# Task statement
Word for word, restate the lines from the one holding "把所有材料和牛肉下锅,放凉水" through the last line of the material below, and leave every picture out.

# Data for processing
*** Block opens ***

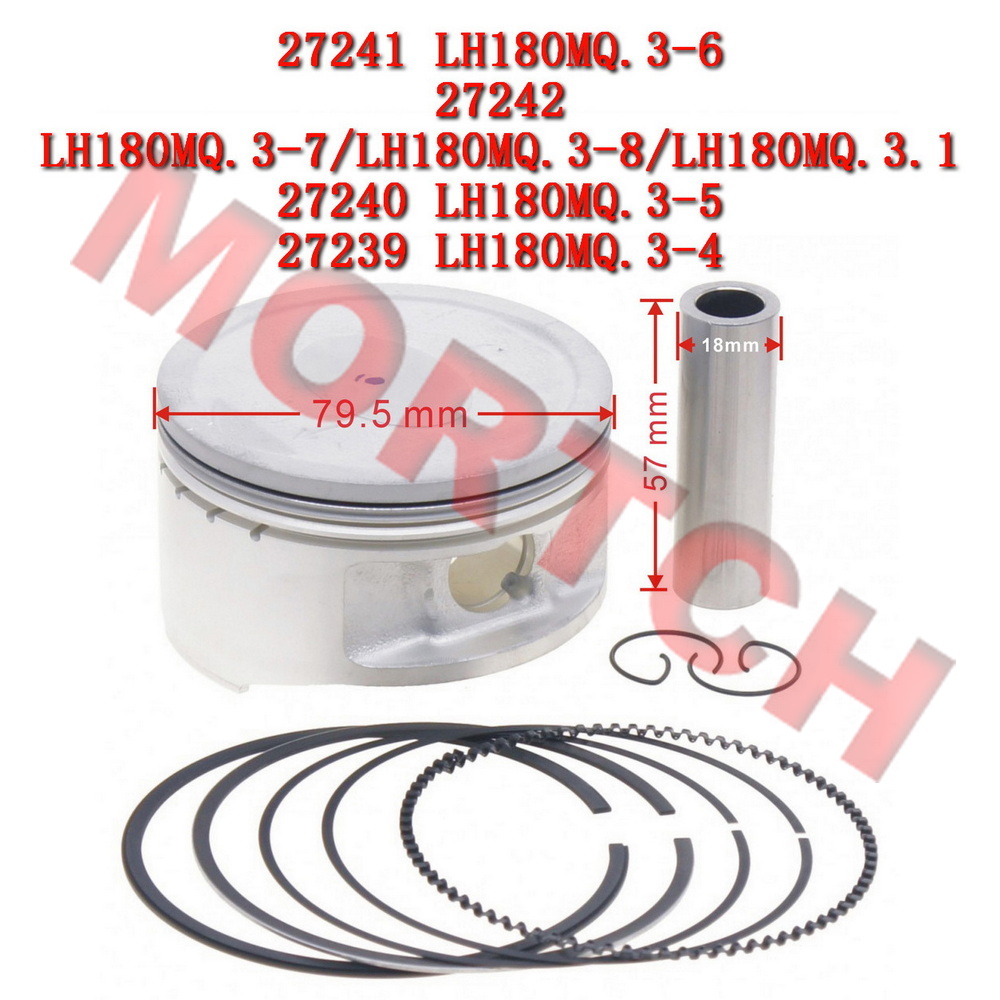 ✅ OEM specification replacement: This piston assembly includes piston (27241/LH180MQ.3-6), piston ring set (27242), wrist pin (27240/LH180MQ.3-5) and circlips (27239/LH180MQ.3-4) for Yamaha Linhai LH180MQ 400cc liquid cooled engine. Piston diameter 80mm, piston pin 18×57mm.
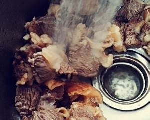 把所有材料和牛肉下锅,放凉水,水不用特别多,如图没过牛肉就行,如果喜欢多牛肉汤的可以多放水,为了节省时间,我用了高压锅,高压锅上汽后大火10分钟。如果没有高压锅家里的普通锅,大火20分钟,转小火90分钟,中途别打开锅盖
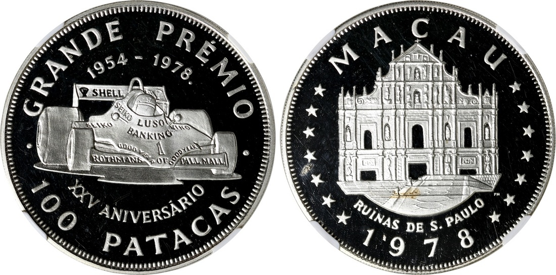 Macau, silver 100 Patacas proof, 1978, WITH ADVERTISING ON CAR, issued for the 25th anniversary of the Macau Grand Prix,
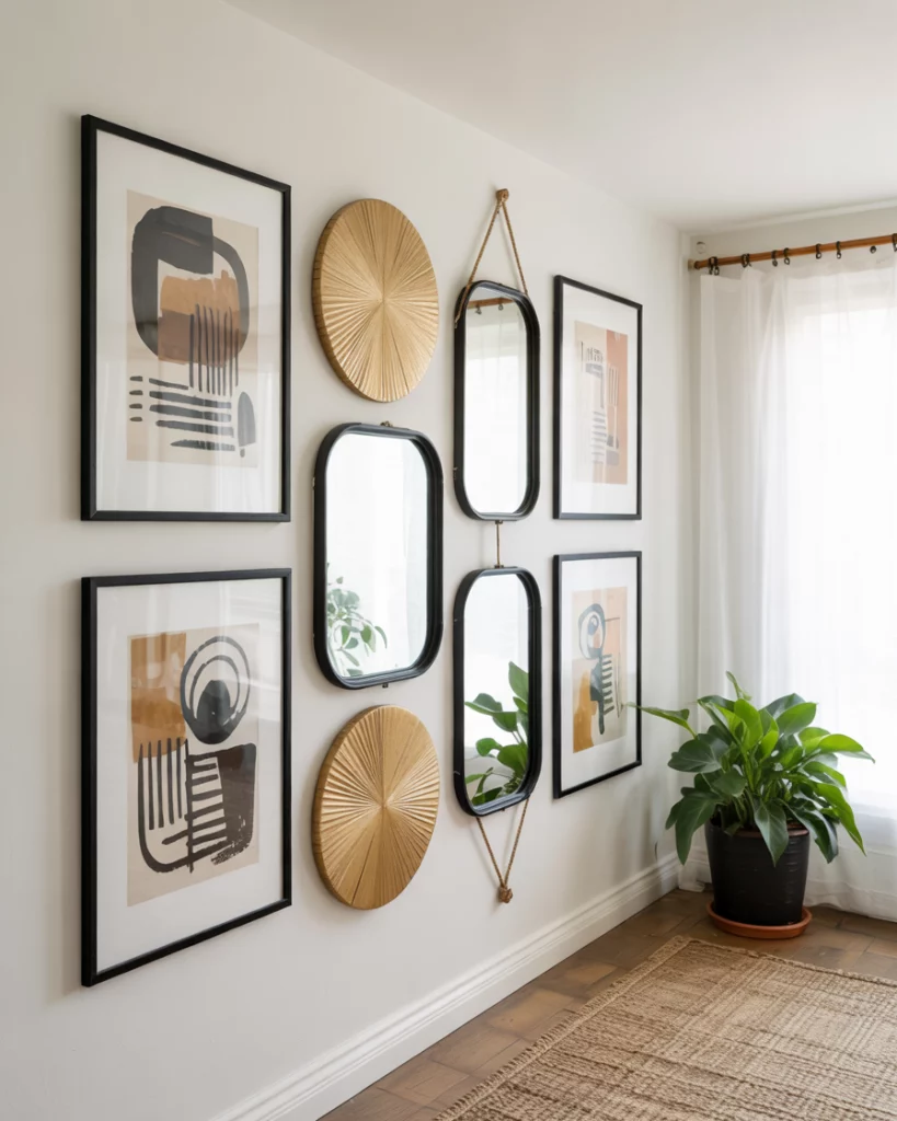 For a sleek, modern take in your entryway or living room, combine framed art or picture prints with decorative mirrors. Use a consistent frame colour, such as matte black, and include one or two round mirrors to break the grid. Adding mirrors brings light and depth to a space, ideal for smaller rooms. Mixing functional mirrors with art creates an elegant, intentional display—perfect if your décor is clean but you still want personality. Interiors in 2026 emphasise texture, natural materials and purposeful styling.
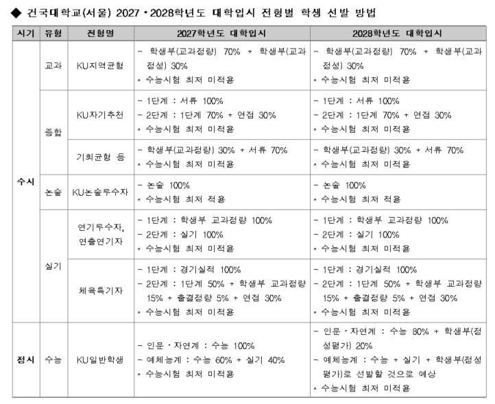 [유성룡의 입시포인트] 건국대학교(서울) 2028학년도 입학전형 주요사항
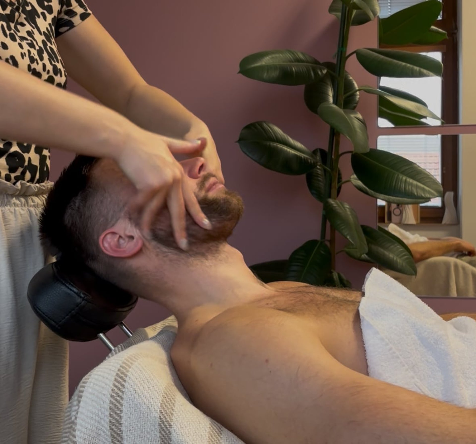 65minut - detailnejšie uvoľňovanie mimických svalov, skalpu- hlavovej pokožky a krku

*** Block closes ***

# Exercise response
 把所有材料和牛肉下锅,放凉水,水不用特别多,如图没过牛肉就行,如果喜欢多牛肉汤的可以多放水,为了节省时间,我用了高压锅,高压锅上汽后大火10分钟。如果没有高压锅家里的普通锅,大火20分钟,转小火90分钟,中途别打开锅盖
 Macau, silver 100 Patacas proof, 1978, WITH ADVERTISING ON CAR, issued for the 25th anniversary of the Macau Grand Prix,
 For a sleek, modern take in your entryway or living room, combine framed art or picture prints with decorative mirrors. Use a consistent frame colour, such as matte black, and include one or two round mirrors to break the grid. Adding mirrors brings light and depth to a space, ideal for smaller rooms. Mixing functional mirrors with art creates an elegant, intentional display—perfect if your décor is clean but you still want personality. Interiors in 2026 emphasise texture, natural materials and purposeful styling.
 [유성룡의 입시포인트] 건국대학교(서울) 2028학년도 입학전형 주요사항
 65minut - detailnejšie uvoľňovanie mimických svalov, skalpu- hlavovej pokožky a krku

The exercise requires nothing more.